Segment Open

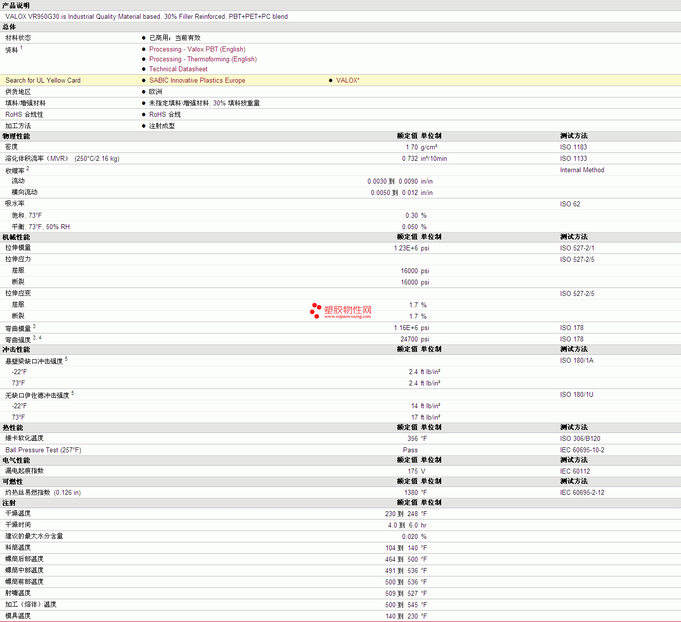 更多VALOX   PET   VR950G30 Resin 物性表报价,图片、材质证明、UL黄卡、物质安全资料表(MSDS)等可来电咨询赵先生:13424755533。或QQ:27660005
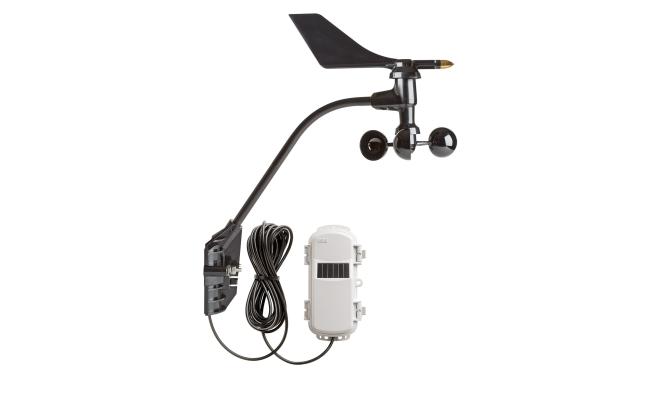 A wireless sensor that works with HOBOnet to record wind speed, wind gust, and wind direction. HOBOnet wireless sensors communicate data directly to the HOBO RX3000 or the HOBO MicroRX station or pass data through other wireless sensors back to the central station. They are preconfigured and ready to deploy, and data is accessed through HOBOlink, Onset's innovative cloud-based software platform.
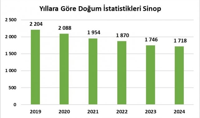 Türkiye İstatistik Kurumu (TÜİK), 2024 yılı Doğum İstatistikleri bültenini yayımladı. Verilere göre Sinop'ta 2024 yılında bin 718 bebek doğdu. Kaba doğum hızı binde 7,5 olarak belirlenirken, Sinop bu oranla Türkiye genelinde en düşük kaba doğum hızına sahip 3. il oldu.
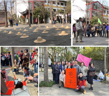 除了品尝美食,还安排了团队建设的环节,更好地锻炼了老师们的团队协作能力。工作人员将30多位老师分组,组成了3个队伍,大家各自饶有兴趣的给自己的队伍赋予了队名和口号,并为自己的队伍誓师和鼓气,准备和其他队伍一较高下。接着开始了第一个游戏——“连连看”,需要从被草帽盖住的物品里面同时找到两个相同的东西,然后就拿走奖品,最后拿到的奖品和草帽最多的队伍胜利。这个游戏考验了老师们的记忆力、观察、沟通和团队协作能力。最后进行了“写毛笔字”的游戏,通过多名教师的协同合作,共同用特制的毛笔写下相同的字。这项活动既考验了老师们的团队协作能力,又让大家轻松愉悦、笑声不断。
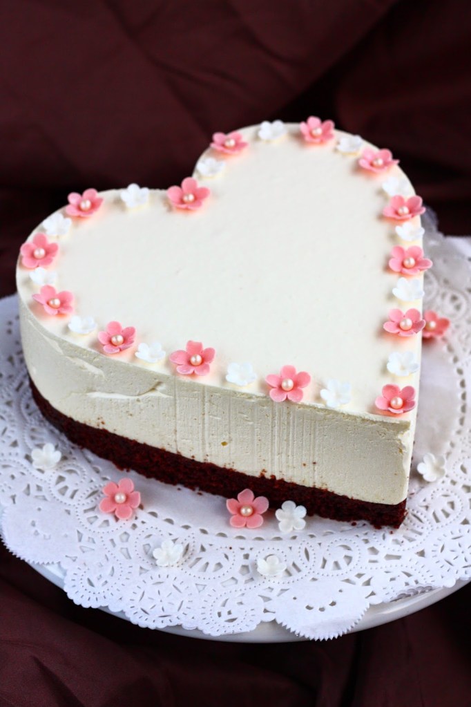 Äitini halusi tarjota ystävälleen pienen, raikkaan kakun syntymäpäivänsä kunniaksi. Kahvipöytään päätyi sydämen mallinen kakku, jonka pohjassa oli mielettömän mehevä suklaakakkupohja sekä raikas, Järisyttävän hyvästä sitruunajuustokakku-ohjeesta tuttu täyte pienin muutoksin. Hyvää kuulemma oli ollut 🙂

Segment Closed

* _Task to complete_
Transcribe the opening line of the listing above, please, and every line after it through the line with "Türkiye İstatistik Kurumu", word for word, without pictures.

* _Written reply_
 更多VALOX   PET   VR950G30 Resin 物性表报价,图片、材质证明、UL黄卡、物质安全资料表(MSDS)等可来电咨询赵先生:13424755533。或QQ:27660005
 A wireless sensor that works with HOBOnet to record wind speed, wind gust, and wind direction. HOBOnet wireless sensors communicate data directly to the HOBO RX3000 or the HOBO MicroRX station or pass data through other wireless sensors back to the central station. They are preconfigured and ready to deploy, and data is accessed through HOBOlink, Onset's innovative cloud-based software platform.
 Türkiye İstatistik Kurumu (TÜİK), 2024 yılı Doğum İstatistikleri bültenini yayımladı. Verilere göre Sinop'ta 2024 yılında bin 718 bebek doğdu. Kaba doğum hızı binde 7,5 olarak belirlenirken, Sinop bu oranla Türkiye genelinde en düşük kaba doğum hızına sahip 3. il oldu.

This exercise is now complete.